5.1 Key Takeaways for Attackers (Blue Team Awareness)

Lesson	Explanation
Math ≠ Security	AES is mathematically unbreakable, but its physical implementation is not. Security requires both algorithmic and implementation soundness.
Statistics is a weapon	Pearson correlation across 100 measurements extracted a 128-bit secret. Statistics can defeat randomness when patterns are present.
Known intermediate values are dangerous	CPA only works because we knew the plaintext. Preventing the attacker from knowing inputs or outputs closes this vector.
The leakage model is the key insight	Choosing HW(SBOX[pt XOR k]) as our model was the critical hypothesis. A wrong model would yield zero correlation even with infinite traces.

---

5.2 Defensive Mitigations

🛡️ Defense 1: Masking (Software Countermeasure)

The most widely deployed defense against CPA is masking. Instead of computing SBOX[plaintext XOR key] directly, the device computes:

masked_input  = plaintext XOR key XOR random_mask
masked_output = SBOX[masked_input] XOR f(random_mask)

The random mask changes every encryption. Now the attacker's hypothesis HW(SBOX[pt XOR k]) no longer matches the actual intermediate value — the mask randomizes it. CPA correlation drops to zero because the leakage is now uniformly random from the attacker's perspective.

Detection for Blue Teams: Monitor firmware update mechanisms on embedded devices. Removing or patching masking countermeasures is a common attack vector against hardware security modules (HSMs).

---

🛡️ Defense 2: Hiding (Hardware Countermeasure)

Hiding makes it harder to measure the leakage rather than eliminating the leakage itself:

• Noise injection circuits — Add random electronic noise to the power supply rails
• Clock jitter — Randomize the CPU clock slightly so S-Box operations don't always occur at the same time sample, breaking trace alignment
• Dual-rail logic — Use circuit designs where every operation always switches the same number of transistors regardless of data value (zero Hamming Weight correlation by design)

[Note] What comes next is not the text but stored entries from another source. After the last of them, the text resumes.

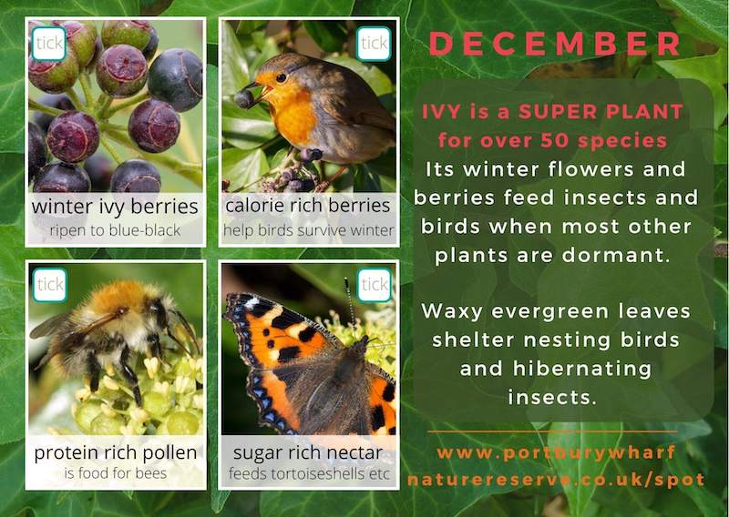 December is the month of CHRISTMAS and that makes it hard to avoid references to mistletoe, robins, holly and ivy! Let’s learn more about these Christmas symbols which you might spot on a walk around the reserve at this festive time of year.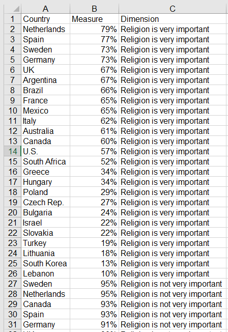 The first step is to arrange your data. You will need to pivot your data if the members of slope-chart dimension are originally in separate columns. (In this case, “Religion is very important” and “Religion is not very important” were in separate columns originally.)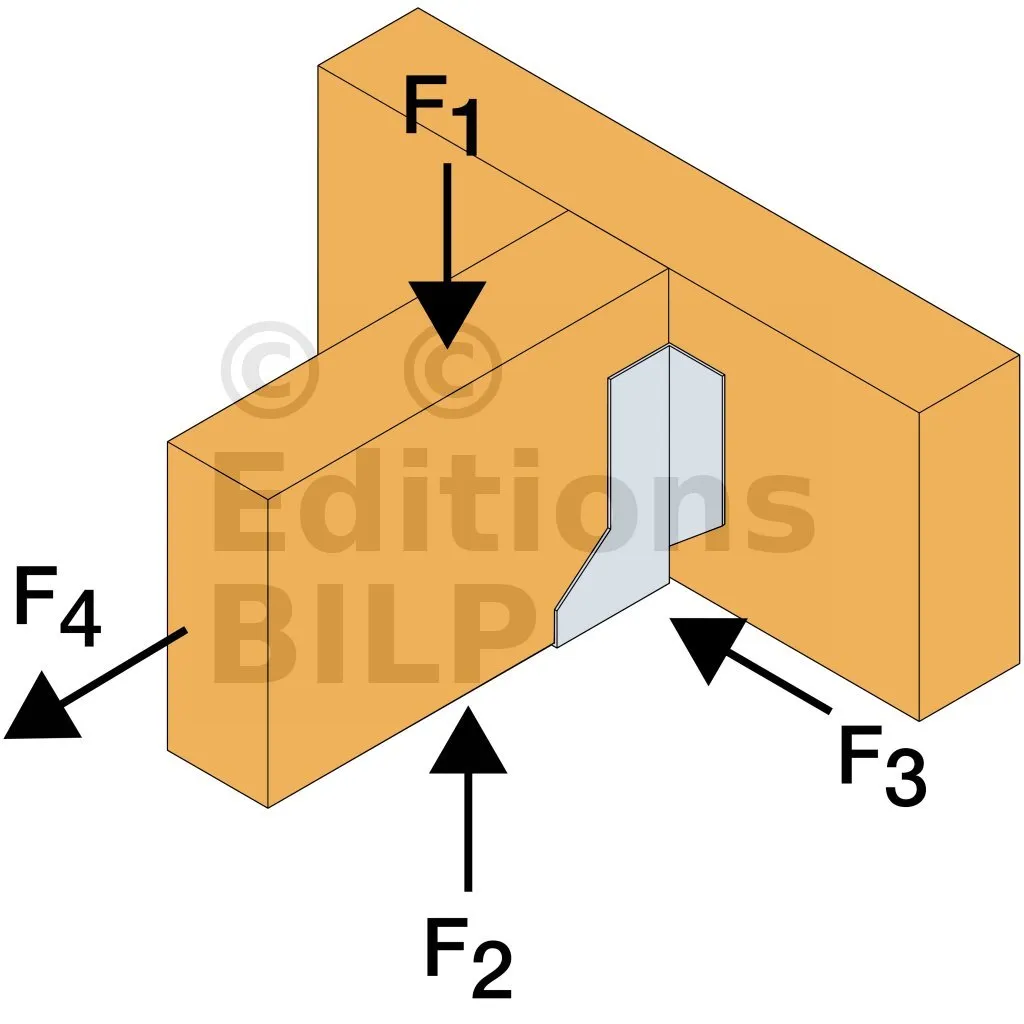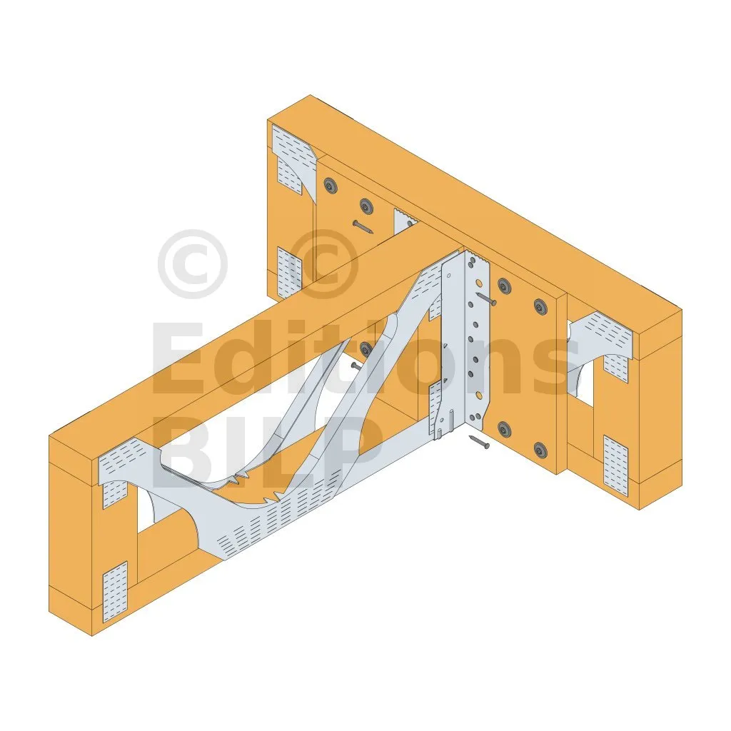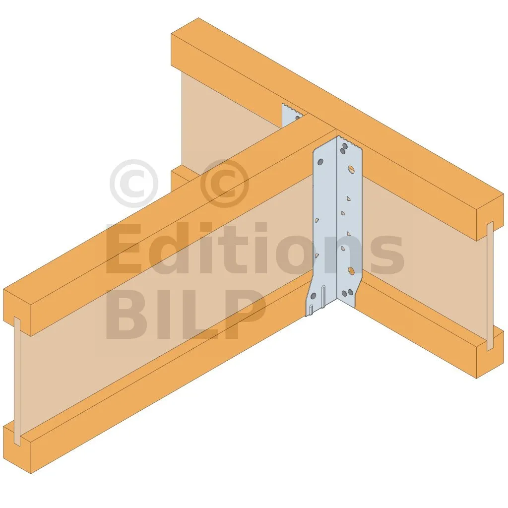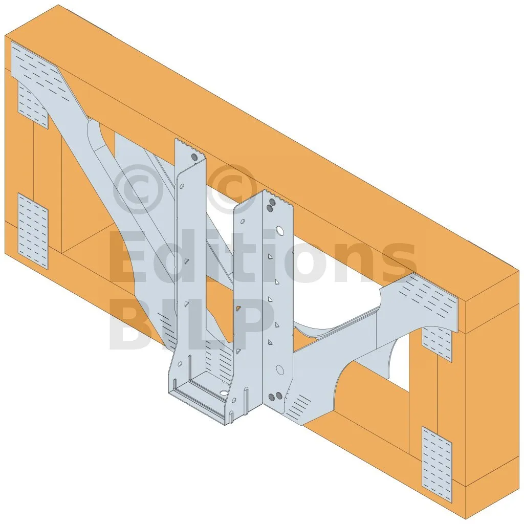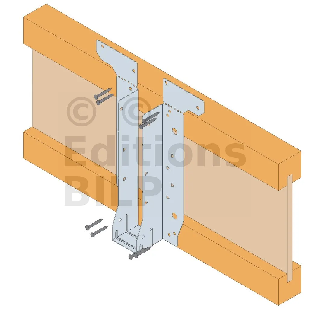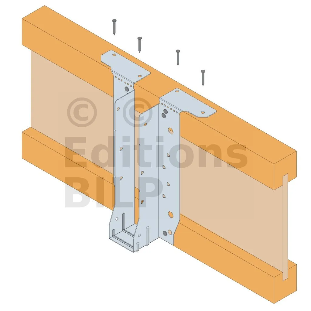 - Cette languette peut être pliée vers le haut pour les cas où le bas de solive n’est pas aligné sur le support.

Blue Team Note: Physical security of embedded devices matters. An attacker needs physical access to the power rails to measure traces. Tamper-evident enclosures, potting (encasing in epoxy), and active tamper-response circuits (that zero memory on detection) are practical hardware countermeasures deployed in payment terminals, smart cards, and HSMs.

---

5.3 Real-World Relevance

This attack is not theoretical. CPA has been demonstrated against:

• Smart cards (credit/debit cards using EMV)
• Hardware Security Modules (HSMs used in banking)
• Automotive ECUs (engine control units storing cryptographic keys)
• IoT devices (smart locks, industrial sensors)
• Cryptocurrency hardware wallets

The academic paper that formalized this attack — "Differential Power Analysis" by Kocher, Jaffe, and Jun (1999) — fundamentally changed how the hardware security industry thought about cryptographic implementations. Every payment card manufactured today includes some form of power analysis countermeasure as a direct result.

---

This writeup was produced as part of the picoCTF PowerAnalysis: Part 2 challenge. The techniques described are for educational purposes in authorized security research and CTF competitions only.